Baseball was on Rabbi Zvi Kahn’s mind as he headed from his home in Columbus, Ohio, to the nearby Jewish Community Center after Havdalah one Saturday night in May, three years ago. More accurately, a baseball tournament.
Rabbi Kahn is headmaster of Columbus Torah Academy, a Modern Orthodox day school (K-12) that was sponsoring a first-of-its-kind baseball tournament among four Jewish high schools over one long weekend in 2010. Earlier games on Thursday evening and Friday afternoon had drawn nice crowds of visiting parents and local fans, but the Motzaei Shabbat competition, starting at 10:30 pm, was the centerpiece of the tournament. Rabbi Kahn was worried that people wouldn’t show up.
He needn’t have worried.
As he drove up to the JCC, the site of the Columbus Baseball Invitational, he saw cars vying for parking spaces. “The parking lot was full,” he says.
“I had to park farther away, on a side street.”
The Saturday night crowd, the rabbi says, confirmed that the school’s decision to establish such a sports venture was a success, giving young frum athletes a chance to compete in a kosher atmosphere without Shabbat scheduling conflicts and with bleachers full of enthusiastic supporters.
KOSHER BASEBALL
The need for such a Shabbat-considerate—if not strictly shomer Shabbat—sports tournament was revealed last winter when the boys’ basketball team of Houston’s Beren Academy, a day school whose team had reached the semifinals in its league for small private and parochial schools, became the center of a national controversy. Beren nearly had to forfeit a game, and a shot at the championship, because the semifinal and final games were scheduled to be played on Shabbat. Following a firestorm of publicity, including support for the school from largely non-Christian celebrities and politicians, and sympathetic coverage by the Houston media, a Friday evening game was changed to Friday afternoon.
Beren won that semifinal; the final game was played Saturday night. The issue created a major kiddush Hashem, educating the wider public about the specifics of Sabbath observance and the sacrifices it sometimes entails.
“[The tournament] is very important to these kids and their families,” Rabbi Kahn says.
“If adults ignore what [teens] are interested in, we’re going to lose them,” says Dr. Tricia Rosenstein, a pediatrician and Torah Academy parent.
For most teens, especially in a Modern Orthodox milieu where athletics often plays a prominent role, competitive sports are a normal—and valued—part of adolescence. This is especially so in Columbus, home of the Ohio State Buckeyes, one of college football’s most successful teams, and of fans who continue their rabid interest as alumni. On Friday night, Torah Academy students can hear the sound of fans cheering at high school football games in their neighborhoods.
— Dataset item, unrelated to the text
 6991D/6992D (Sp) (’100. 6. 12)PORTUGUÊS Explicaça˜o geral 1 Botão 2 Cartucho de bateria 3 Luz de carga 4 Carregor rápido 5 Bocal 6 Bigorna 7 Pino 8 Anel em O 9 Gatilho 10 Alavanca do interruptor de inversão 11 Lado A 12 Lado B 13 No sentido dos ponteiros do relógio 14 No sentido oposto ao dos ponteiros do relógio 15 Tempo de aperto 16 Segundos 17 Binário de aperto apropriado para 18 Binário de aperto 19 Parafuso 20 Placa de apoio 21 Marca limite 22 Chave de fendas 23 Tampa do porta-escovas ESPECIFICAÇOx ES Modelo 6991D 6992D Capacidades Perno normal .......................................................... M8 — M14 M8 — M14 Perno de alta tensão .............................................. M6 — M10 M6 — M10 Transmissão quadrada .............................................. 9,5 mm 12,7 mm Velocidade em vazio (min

The students, frum but worldly, want the excitement and recognition that surround other—non-Jewish—schools’ sports programs, family members of the day school students say.
“Kids need something a little bigger than themselves to feel part of,” says Dr. Rosenstein. “Now,” she says, “they get to hear their own cheering.”
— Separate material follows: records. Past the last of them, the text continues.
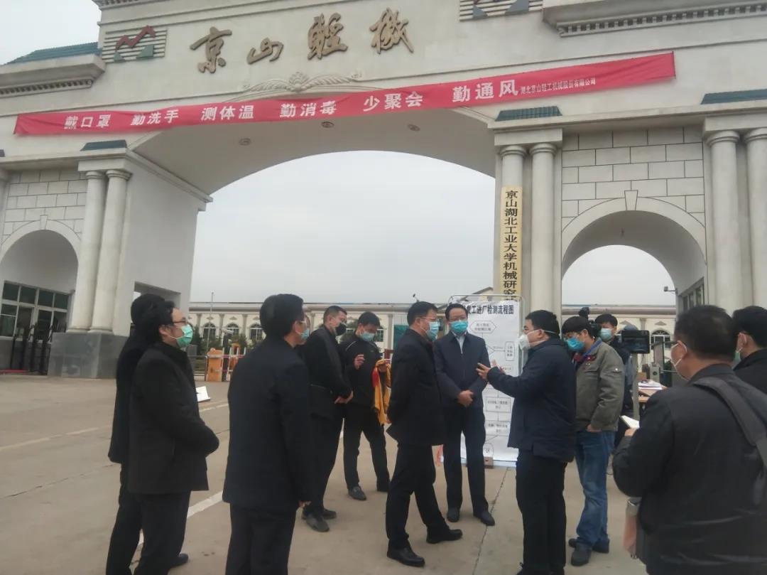 1月23日,京山轻机成立疫情防控应急领导小组,李健总裁担任总负责人。公司向员工宣导疫情防治相关措施,疏导员工心理。从春节假期间开始,每天以分子公司为单位,检测员工身体状况、发布公司相关工作安排、内部协调各项资源;与此同时,对员工集中居住的小区进行轮值制防御。远在江苏、广东的晟成光伏、三协精密等集团兄弟公司向湖北总部寄送口罩、红外测温仪、消毒水等紧缺物质。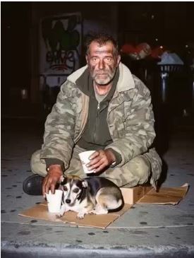 I’ve been out here with Dibs for almost four years. He’s more than a dog—he’s the last thing I got from my brother before he overdosed. Everyone around knows us. Some hand us snacks. Some pretend we don’t exist. Whatever.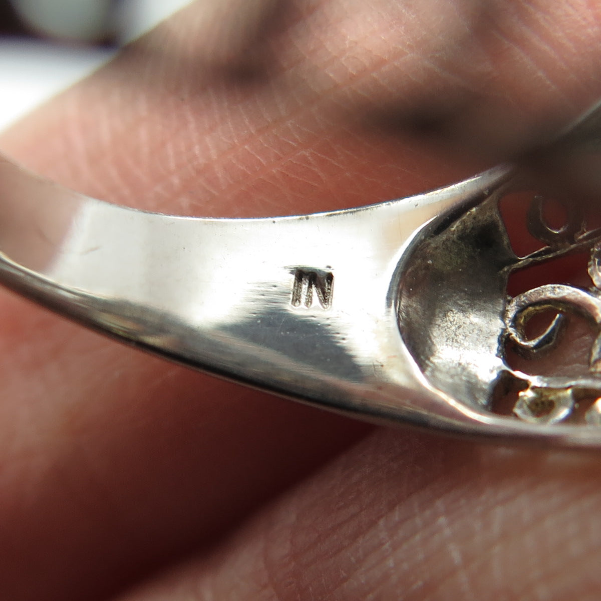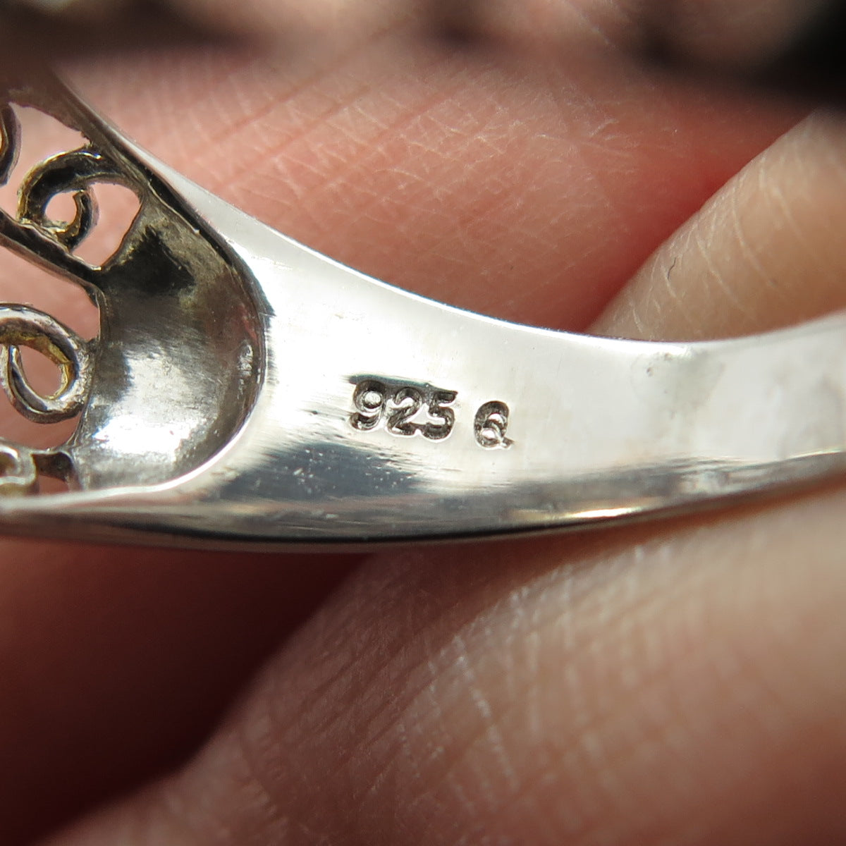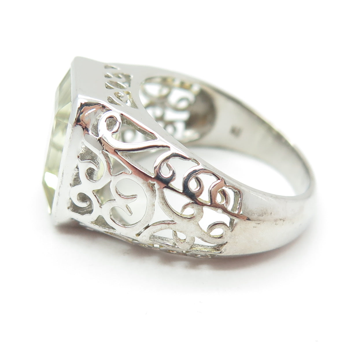 925 Sterling Silver Real Emerald-Cut Lime Citrine Swirl Ring Size 8.25

“Athletics, like academics, provides the challenges that help shape both the mind and body,” according to the day school’s sports blog (ctaathletics.blogspot.com). “Many studies show that qualities such as commitment and desire drive our students to compete and excel in the classroom, on the field and later, in their chosen professions.” Which is why the school said yes when Steve Guinan, a baseball coach and English teacher at Torah Academy, asked whether a baseball tournament among similar Modern Orthodox institutions is feasible.
A TOURNAMENT IS BORN
Word went out over the Internet and several schools expressed interest.
First at bat were Chicago’s Ida Crown Jewish Academy, Manhattan’s Ramaz School and the Kushner Hebrew Academy in Livingston, New Jersey. The initial Columbus Baseball Invitational—renamed the Jewish World Series—was born within a few months. The 2012 tournament included Ramaz, Ida Crown, Yeshiva Atlanta, Kushner and Rabbi Alexander S. Gross High School in Miami. A tournament is scheduled for this coming spring as well.
“We thought it would be more local, limited to schools closer to Columbus,” says Coach Guinan. To his surprise, more distant schools signed up for the tournament, which takes place after end-of-year exams are over.